The Cockaigne Overture, subtitled "In London Town," is a relatively brief piece of music—about 350 bars all told—cast in a traditional sonata-allegro form. A scherzando opening offers bits and pieces of themes that will presently take on more definite shapes and roles; the main "London" theme in C major, broad and sure, is given by the violins after a compelling introductory passage. A typically broad-spanned melody in E flat reflects on the couple's love for each other: the tender but passionate striving of the melody's initial octave leap could not be more typically "Elgarian." The "London" theme is given a treatment in diminution (a saucy rendition supposedly meant to represent the impudent disdain of the London youths for their stodgy elders), roving about harmonically, before the coda reviews our main themes and dissolves into the development section.
After a timid beginning in B flat major, the development soon bursts forth into a full-scale brass-band parade that, through sheer force, compels the entire orchestra to join in.

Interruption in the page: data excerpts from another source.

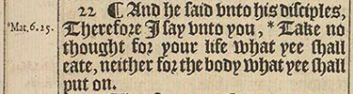 22 ¶ Und er sagte zu seinen Jüngern "Darum sage ich euch, *'kümmert euch nicht um euer Leben, was ihr essen werdet, noch darum, was ihr am Körper tragen werdet.[*Matthäus 6:25]
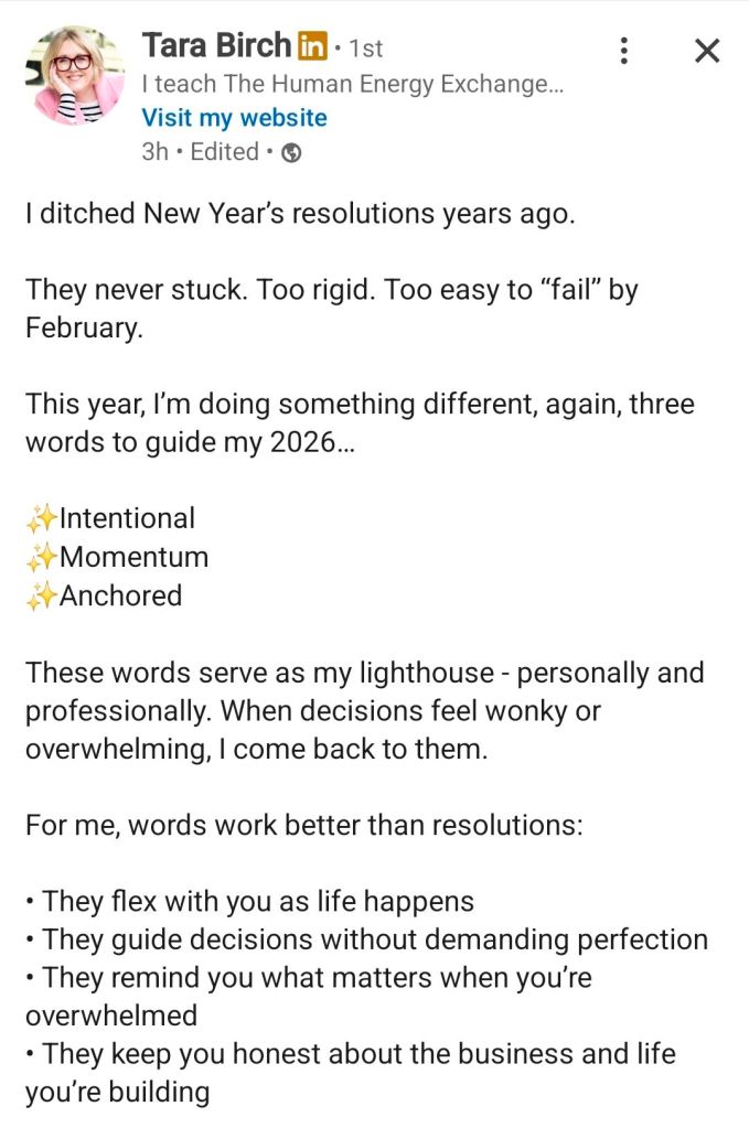 The inspiring Tara Birch made this post on LinkedIn before Christmas and it really resonated with me. I knew that I didn’t want to make a standard January post, but instead make some promises to myself, using words which will help keep me on track linked to my aims, values, and passions.
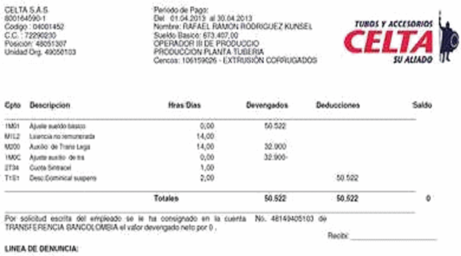 Del CD anexo en la demanda, la Sala observa los siguientes desprendibles de nómina del señor Rodríguez Kunsel, correspondientes a los periodos enero a abril de 2013, de los cuales concluye que, sí se encontraba en licencia no remunerada, tal como también lo apreció la UGPP.
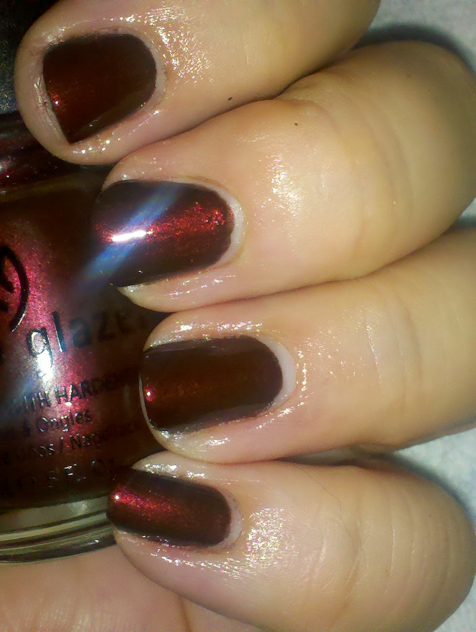 Polish is a little on the thin side, so the first coat was a WTF moment. Second coat was...unbelievable. I only added a third coat because I was a little too impatient and polish dragged a little. This girl is GORGEOUS!!! Definitely not a summer color, but for Fall & Winter? YES please. It's a blackened burgundy that has a deep glow to it - I don't know how else to describe it. It kind of comes through in the photo (amazingly enough), but still oh so much better in person. I just love these blackened colors, and this one does not disappoint! Honestly, I bought this only for the challenge, and I am so happy I did!
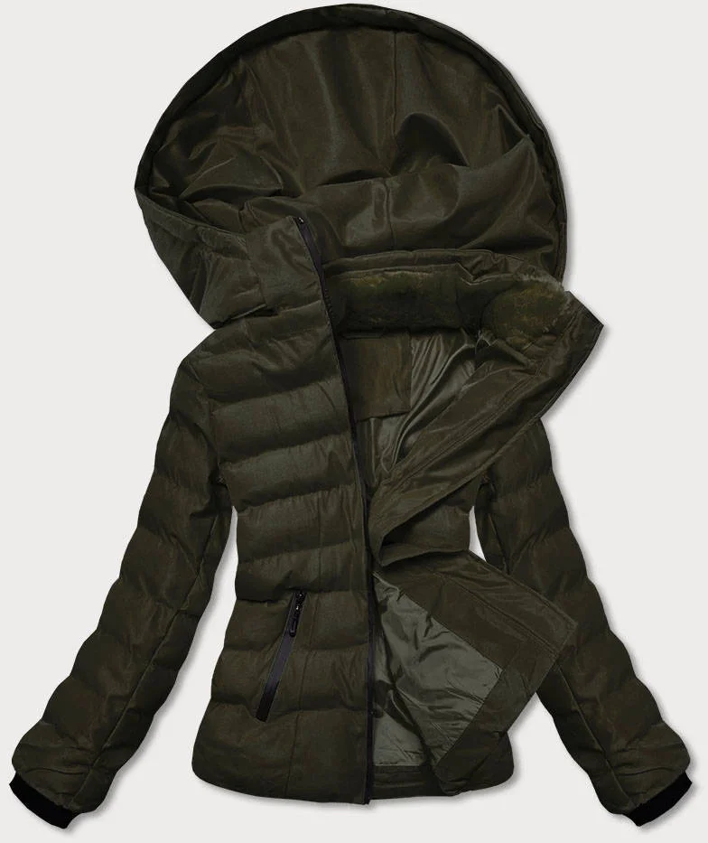Dámská zimní bunda v army barvě s kožešinovým stojáčkem (5M769-136)
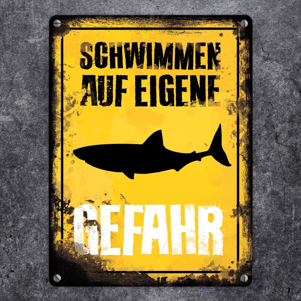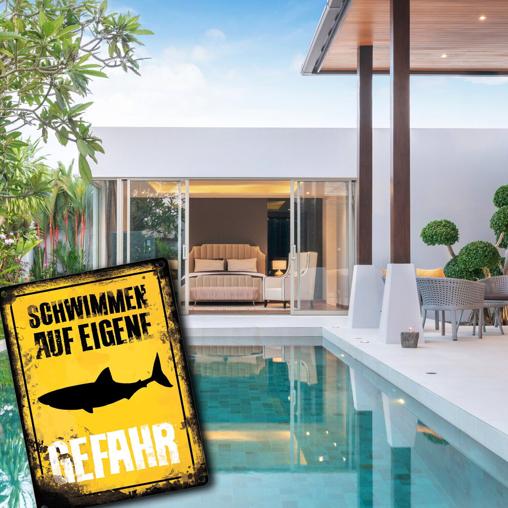Schwimmen auf eigene Gefahr Metallschild für den Pool mit Hai
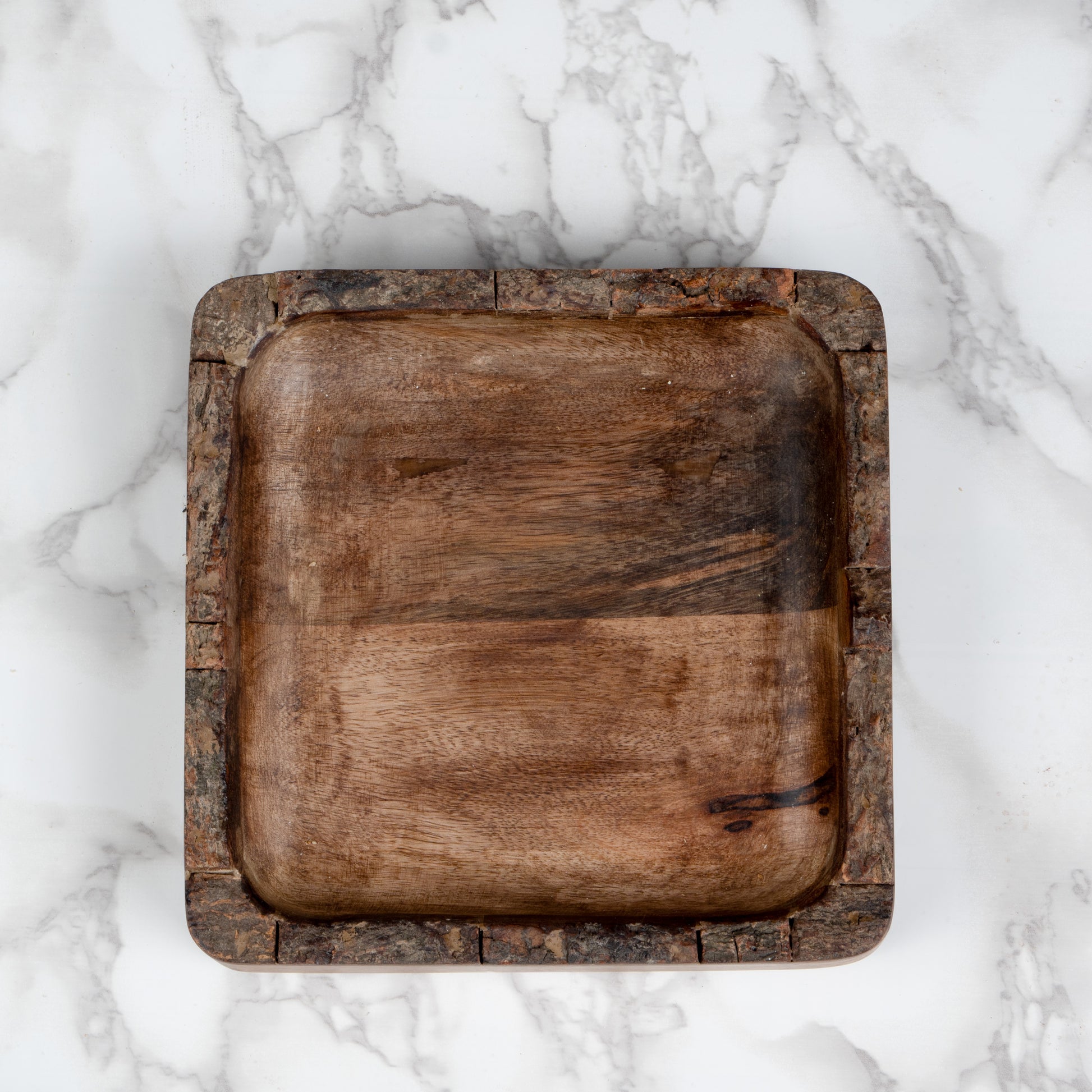 Food-Safe Rustic Wood Bark Small Serving Square Bowl

Elgar's musical portrayal of the band as it grows distant again is striking: not wishing to resort to such bluntly obvious tactics as placing instruments offstage or in the balconies, the composer instead uses harmonic discrepancy (initially a sustained F pedal in the nearby orchestra against the band theme in G flat major in the increasingly distant clarinets) to create the illusion of separation and even distance.
In the wake of all this tumult our young couple wanders into a church. Here Elgar's theme is of the most moving and eloquent kind, and yet the brash youngsters outside can still find it in themselves to ridicule its incessant, dogmatic nature (cheekily and effectively represented by an overuse of melodic sequence). A complex contrapuntal structure is built up from all these various melodic fragments until, by sheer accretion, a recapitulation is forced upon the scene. Although this final portion of the overture remains thoroughly in the C major tonality that underlies the entire work, Elgar does make an effective harmonic digression to E flat major for the reprise of the pompous, "nobilmente" London theme.